* _WORK INSTRUCTIONS_:
Only one stretch of the data below is needed: the line with "Colorida e com" through the last line. Output it exactly and drop the pictures.

* _DATA_:

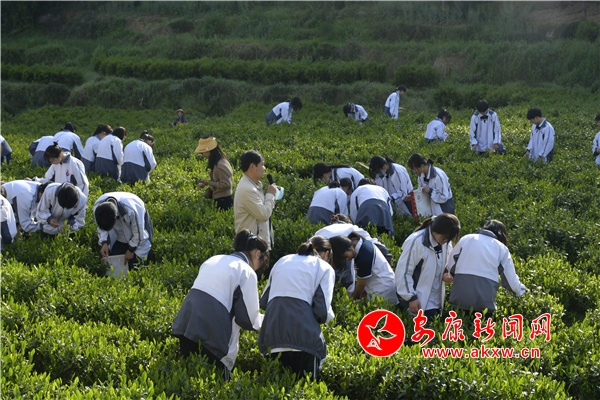 推廣“田間課堂”,將勞動教育實踐路徑延伸到鄉村田間。城關鎮三元村茶園是漢陰中學校外勞動教育實踐基地,4月8日清晨,茶園基地迎來了一群特殊的“采茶人”,正是漢陰中學師生代表們挎著采茶裝備,穿梭在茶園間,指尖輕捻、摘取嫩芽,頓時打破了茶園清晨的寧靜。
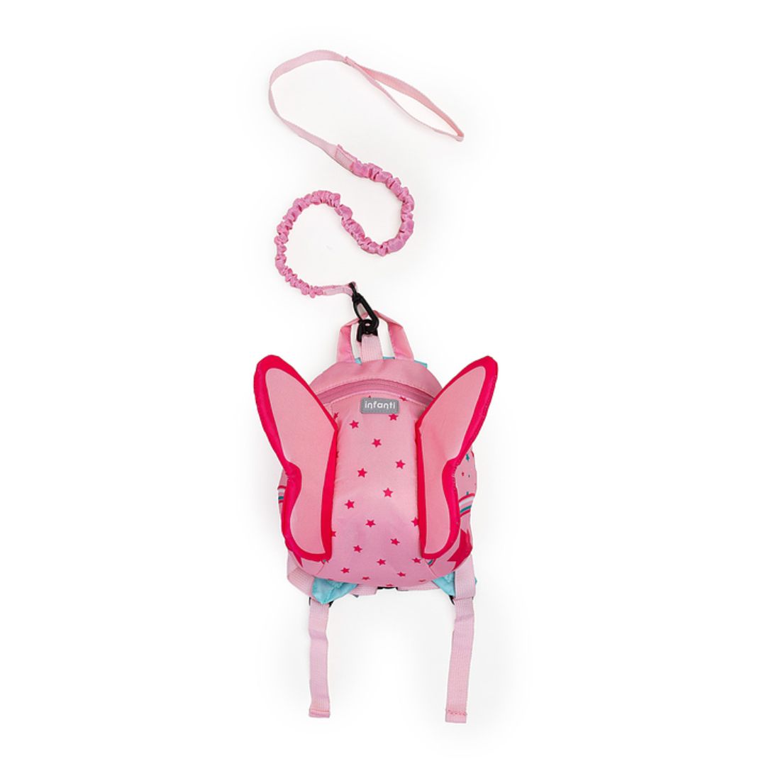 Colorida e com abertura em zíper, a mochila também pode ser usada sem a guia, para carregar pequenos objetos. Ela é projetada para uso por crianças de 1 a 4 anos.
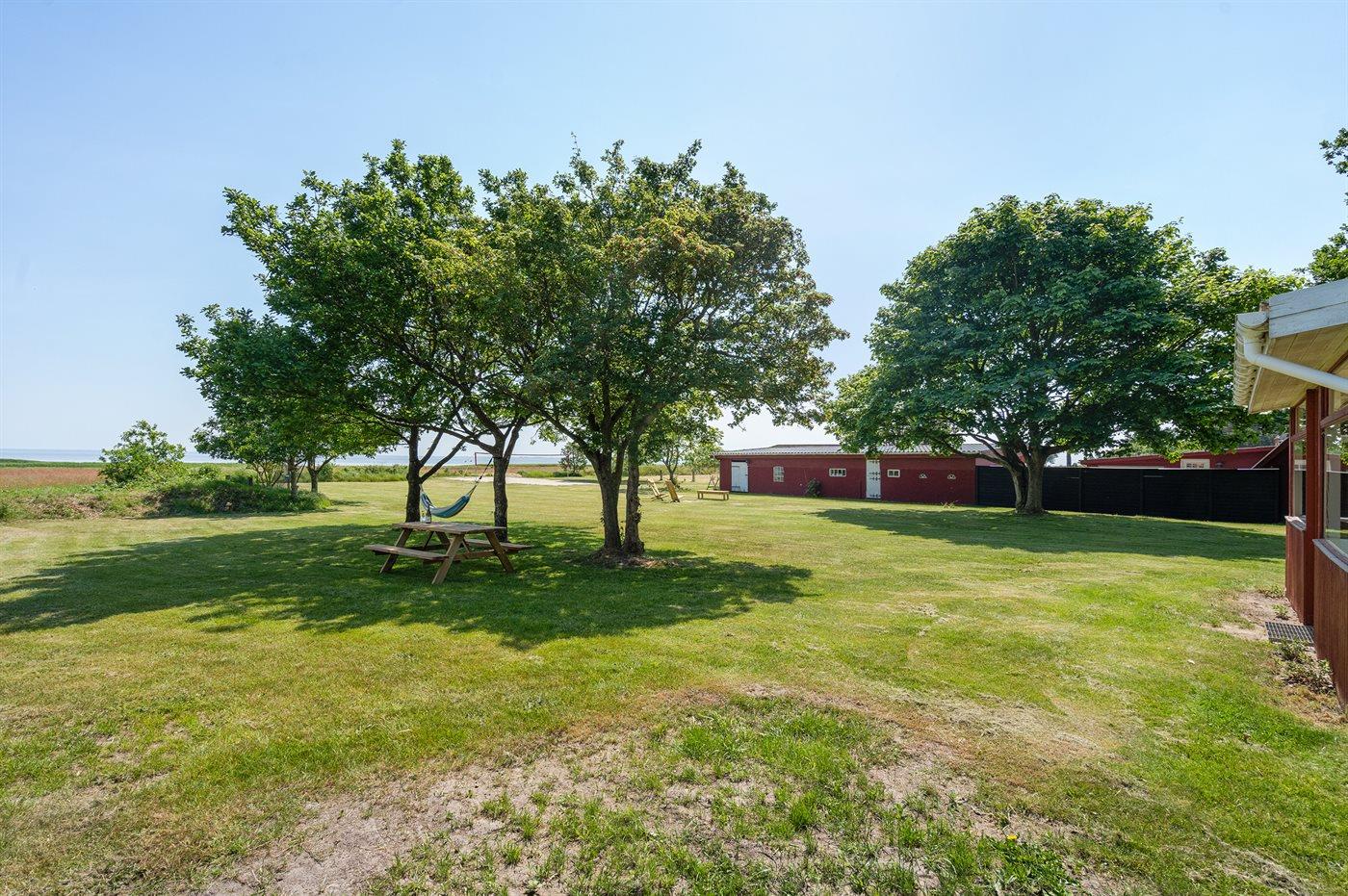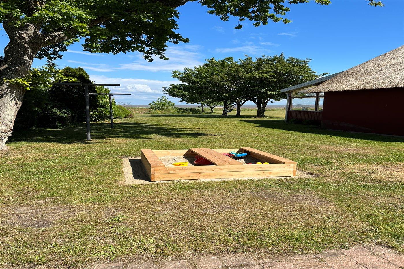 Ferieboligen er beliggende på en 2837 m² stor havegrund. Der er 4500 m til havet. Der er 250 m til Vadehavet. Nærmeste forretning er beliggende i en afstand af 1500 m. Der er en golfbane i en afstand af 5300 m. Til ferieboligen hører 30 m² terrasseareal. Ligeledes er der adgang til 24 m2 udestue (ikke opvarmet). Gynge. Sandkasse. Beachvolley. Fodboldmål. Der ligger en legeplads i en afstand af 500 m. Udendørs bruser, som kan benyttes hele året. Grill til rådighed. Der er installeret stik til opladning af elbil. CEE stik. Parkering ved ferieboligen.
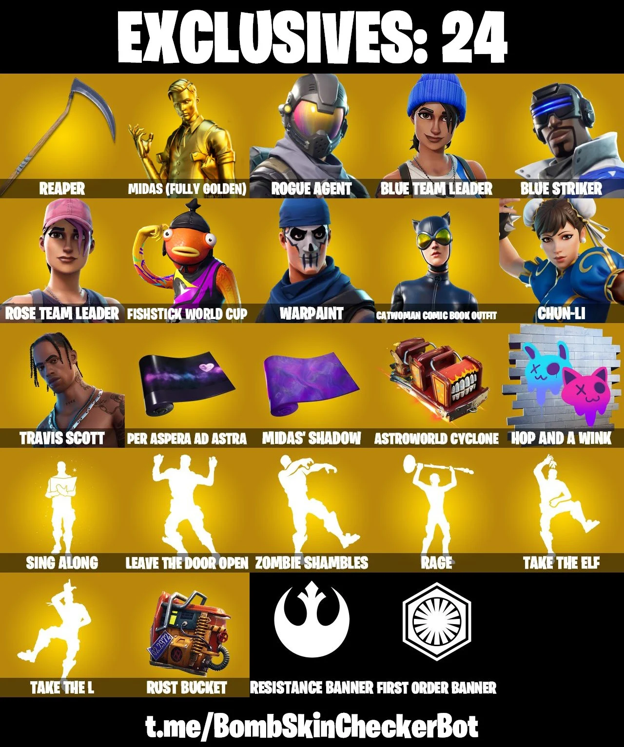 【142 SKINS】 TRAVIS SCOTT ❤️ CHUN-LI ❤️ ROGUE AGENT ❤️ TAKE THE L ❤️ (PC/PSN/XBOX)

* _REPLY TO THE TASK_:
 Colorida e com abertura em zíper, a mochila também pode ser usada sem a guia, para carregar pequenos objetos. Ela é projetada para uso por crianças de 1 a 4 anos.
 Ferieboligen er beliggende på en 2837 m² stor havegrund. Der er 4500 m til havet. Der er 250 m til Vadehavet. Nærmeste forretning er beliggende i en afstand af 1500 m. Der er en golfbane i en afstand af 5300 m. Til ferieboligen hører 30 m² terrasseareal. Ligeledes er der adgang til 24 m2 udestue (ikke opvarmet). Gynge. Sandkasse. Beachvolley. Fodboldmål. Der ligger en legeplads i en afstand af 500 m. Udendørs bruser, som kan benyttes hele året. Grill til rådighed. Der er installeret stik til opladning af elbil. CEE stik. Parkering ved ferieboligen.
 【142 SKINS】 TRAVIS SCOTT ❤️ CHUN-LI ❤️ ROGUE AGENT ❤️ TAKE THE L ❤️ (PC/PSN/XBOX)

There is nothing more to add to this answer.